Non, ceci n’est pas une chanson d’amour mais ça y ressemble fort, une ode de l’auteur à sa ville et la plupart de ses habitants, malgré tous ses défauts, malgré ses tares, parce que « l’amour fait faire de ces choses... » comme le dit la présentatrice de Crazy Love...

Un formidable polar, drôle, cruel, féroce sur les mœurs des médias et des rapaces urbains, d’excellents personnages dans une intrigue menée à fond de train dans les rues de Milan.


Notice bio

Allessandro Robecchi a été éditorialiste pour le quotidien Il Manifesto et l’une des plumes de Cuore, l’un des plus importants hebdomadaires satiriques italiens.
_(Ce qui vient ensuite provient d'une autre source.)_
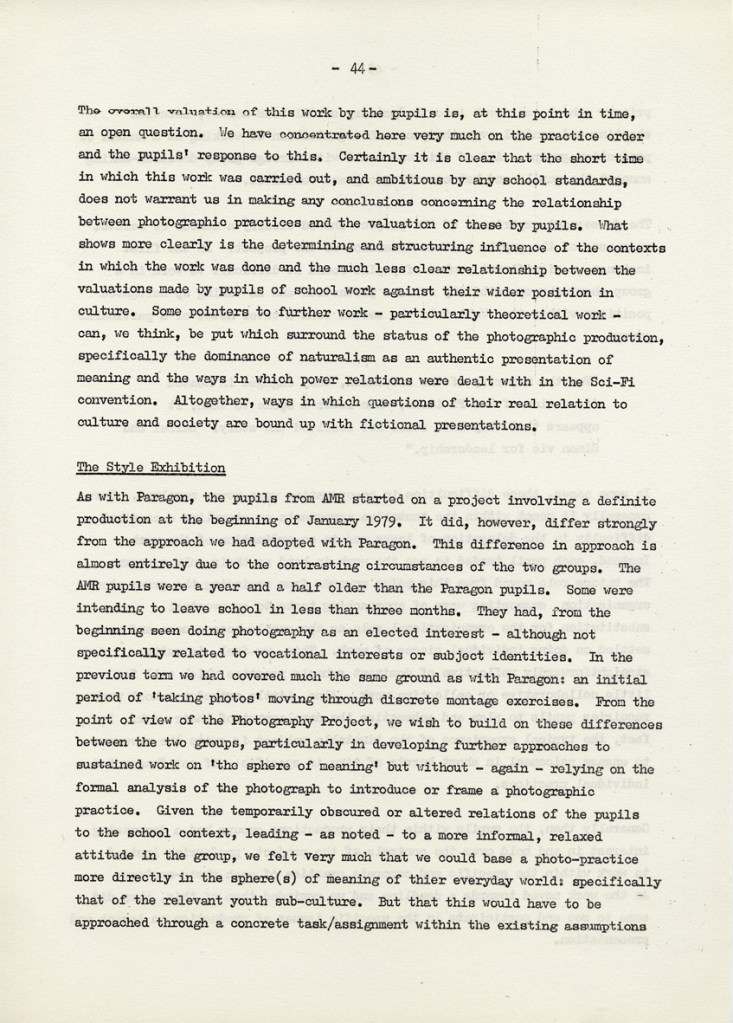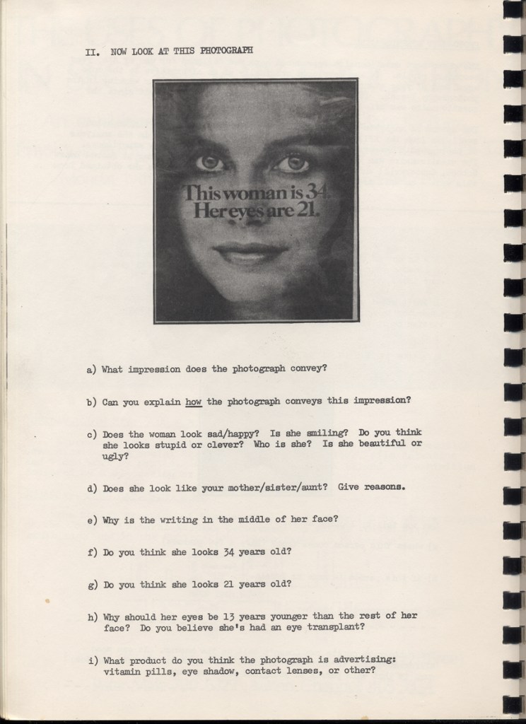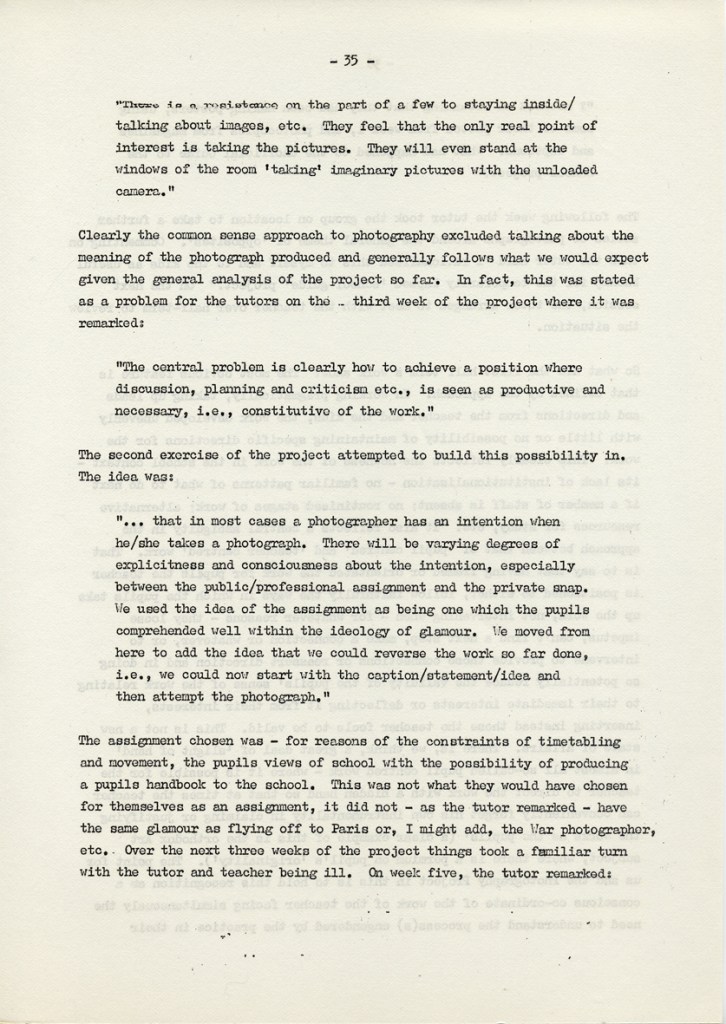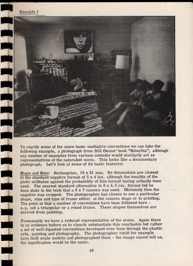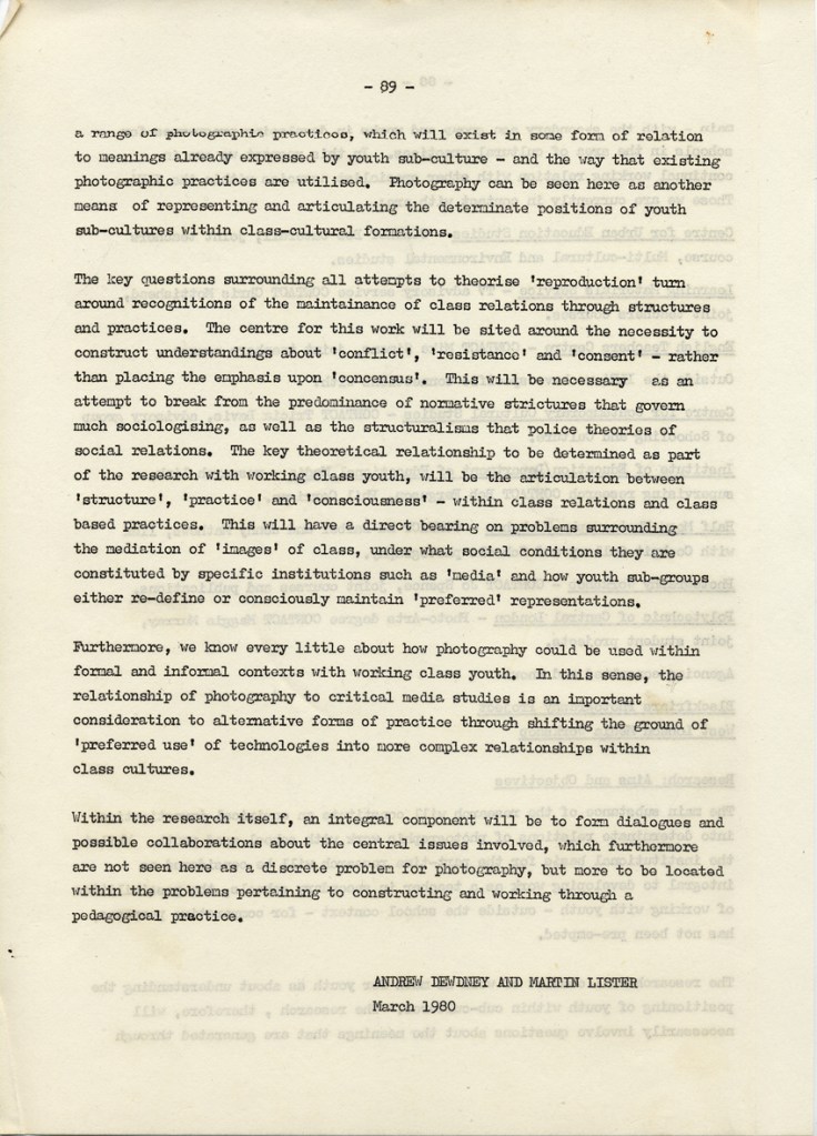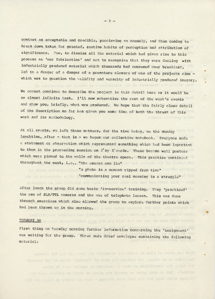 In the summer term of 1978 the department ran a one week project called The Photograph. An analysis of it was given as a lecture and written up in Photography Class and Schooling by Andrew Dewdney and Martin Lister in March 1980.

Il est l’auteur d’une série de romans policiers publiés chez Sellerio, l’éditeur d’Andrea Camilleri.


La musique du livre

Outre la sélection ci-dessous, sont évoqués : Bob Dylan - I Ain’t Gonna Go To Hell For Anybody - Is Your Love In Vain - Knockin’ On Heaven Door - Neighborhood Bully - Positively 4th Street - Girls From The North Country - Highway 51 Blues - Desolation Row - Black Crow Blues - Under The Red Sky

Franco Califano - Me n'Amoro de Te

Les Rockets - Future Woman

Bob Dylan - Tight Connection To My Heart

Adele - Skyfall

Eros Ramazzotti - Se bastasse una canzone

Vasco Rossi - Vivere


CECI N’EST PAS UNE CHANSON D’AMOUR - Alessandro Robecchi - Éditions de l’aube - collection l’aube Noire - 416 p. août 2020
Traduit de l’italien par Paolo Bellomo avec le concours d’Agathe Lauriot dit Prévost.